__THE PROBLEM__: Beginning with the line that holds "رنگ طلای وری" and ending with the last line of the entries below, copy every line exactly and nothing else, with the pictures left out.

__DATASET RECORDS__:
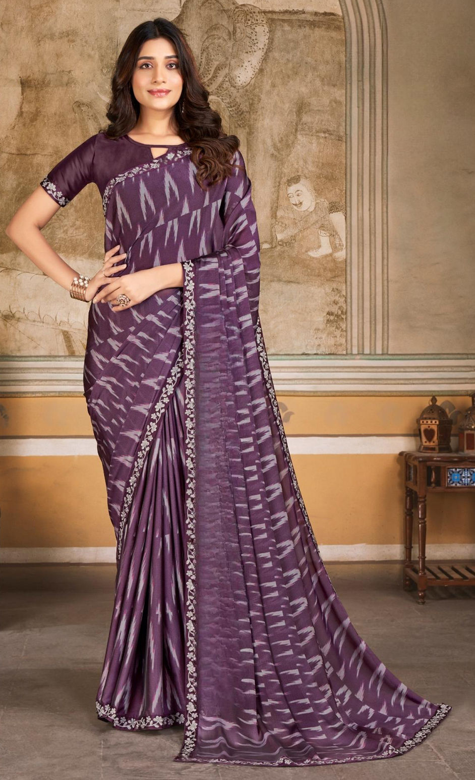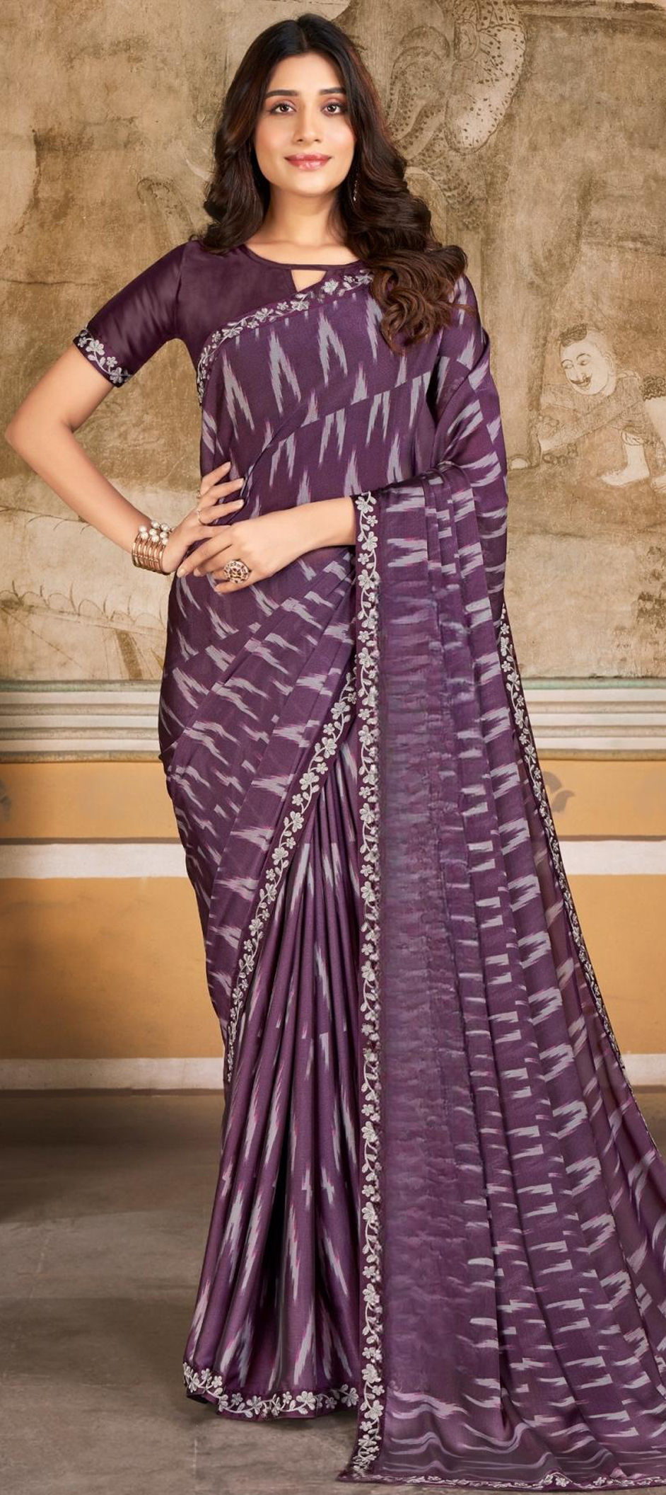 Purple and Violet color Saree in Chiffon fabric with Digital Print work
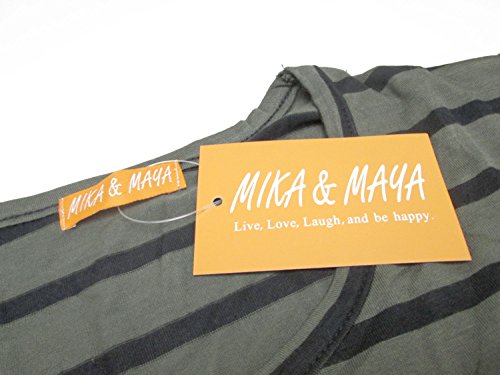 【MIKA&MAYA】 Tシャツ 半袖 マタニティ ボーダー 授乳口 カットソー 授乳服 レディース (L, カーキ ボーダー)
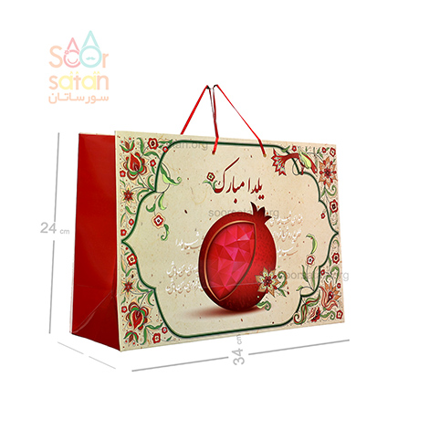 ساک کادو افقی زمینه کرم حاشیه گل یلدا مبارک
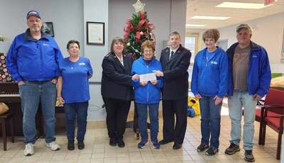 | Alleghany Cruisers Treasurer Mickey Floyd presents a check to Salvation Army Majors Dee and Gary Stewart for funds raised during the 4th Annual Holiday Hot Rod Round Up. This ebmvent is held annually in Covington VA by the Alleghany Cruisers and is a fund raiser for the Salvation Army's Angel Tree program which benefits area children in need during the Christmas season. From left Alleghany Cruisers President Robert Floyd, member Tina Carter, Major Dee Stewart, Alleghany Cruisers Treasurer Mickey Floyd, Major Gary Stewart, Alleghany Cruisers Secretary Heather Simmons, and Alleghany Cruisers Vice President John Sprouse.
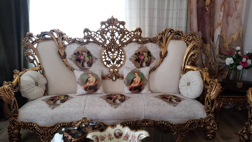 رنگ طلای وری کوبی شدی پارچه ارین کرم روشن با نقوش کلاسیک کوسن های طرحدار زیبا و فوم سرد بسیار مرغوب و راحت متریال سازنده این اثر ارزشمند هستن قیمت بسیار مناسب
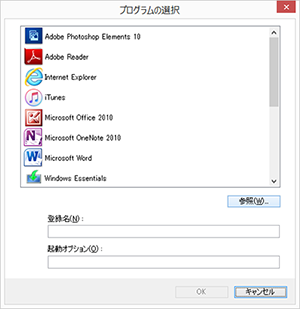 上部に表示されるソフトウェア一覧から、連携したいソフトウェアを選んで[OK]をクリックすると、アイコンが追加されます。連携したいソフトウェアが一覧に表示されない場合は、[参照]をクリックし、ソフトウェアの保存先を選択してください。
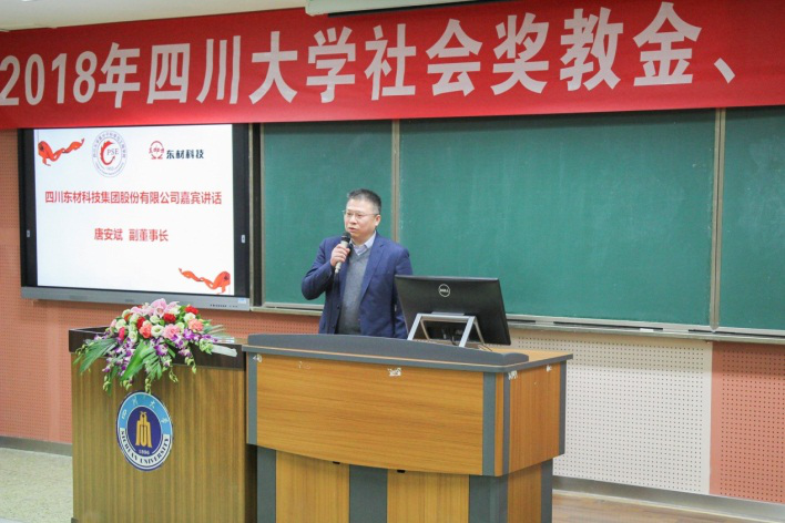 12月8日下午,四川大学社会奖教金、奖学金颁奖典礼在四川大学研究生院231教室隆重举行。公司副董事长、国家企业技术中心主任、国家绝缘材料工程技术研究中心主任、qwdb鉴黑担保网研究院院长唐安斌,人力资源部部长赵小红代表公司与其他设奖单位代表、四川大学院校代表以及获奖师生共200余人参加了本次颁奖典礼。典礼由高分子科学与工程学院...
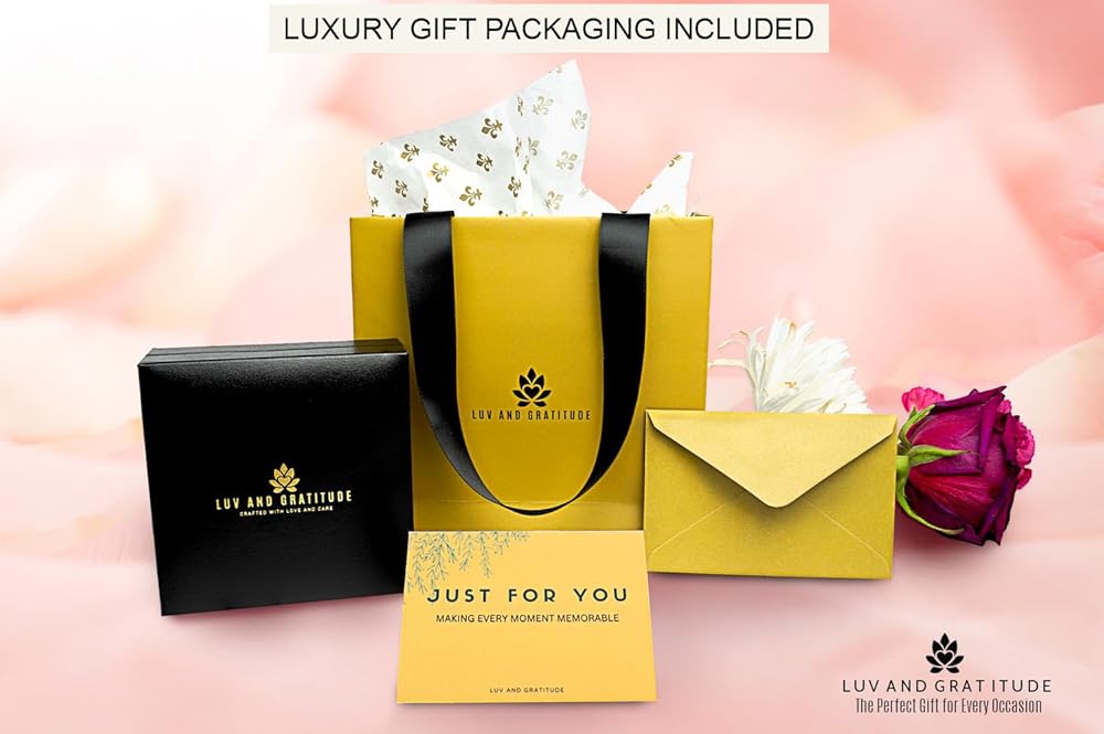 • تغليف فاخر: ستصل قلادتك مع صندوق هدايا المجوهرات الفاخرة الخاص بنا مع بطاقة رسالة مطابقة، وحقيبة هدايا، وورق مناديل وبطاقة هدايا حيث يمكنك كتابة رسالتك الشخصية لها.

__COMPLETED TASK__:
 رنگ طلای وری کوبی شدی پارچه ارین کرم روشن با نقوش کلاسیک کوسن های طرحدار زیبا و فوم سرد بسیار مرغوب و راحت متریال سازنده این اثر ارزشمند هستن قیمت بسیار مناسب
 上部に表示されるソフトウェア一覧から、連携したいソフトウェアを選んで[OK]をクリックすると、アイコンが追加されます。連携したいソフトウェアが一覧に表示されない場合は、[参照]をクリックし、ソフトウェアの保存先を選択してください。
 12月8日下午,四川大学社会奖教金、奖学金颁奖典礼在四川大学研究生院231教室隆重举行。公司副董事长、国家企业技术中心主任、国家绝缘材料工程技术研究中心主任、qwdb鉴黑担保网研究院院长唐安斌,人力资源部部长赵小红代表公司与其他设奖单位代表、四川大学院校代表以及获奖师生共200余人参加了本次颁奖典礼。典礼由高分子科学与工程学院...
 • تغليف فاخر: ستصل قلادتك مع صندوق هدايا المجوهرات الفاخرة الخاص بنا مع بطاقة رسالة مطابقة، وحقيبة هدايا، وورق مناديل وبطاقة هدايا حيث يمكنك كتابة رسالتك الشخصية لها.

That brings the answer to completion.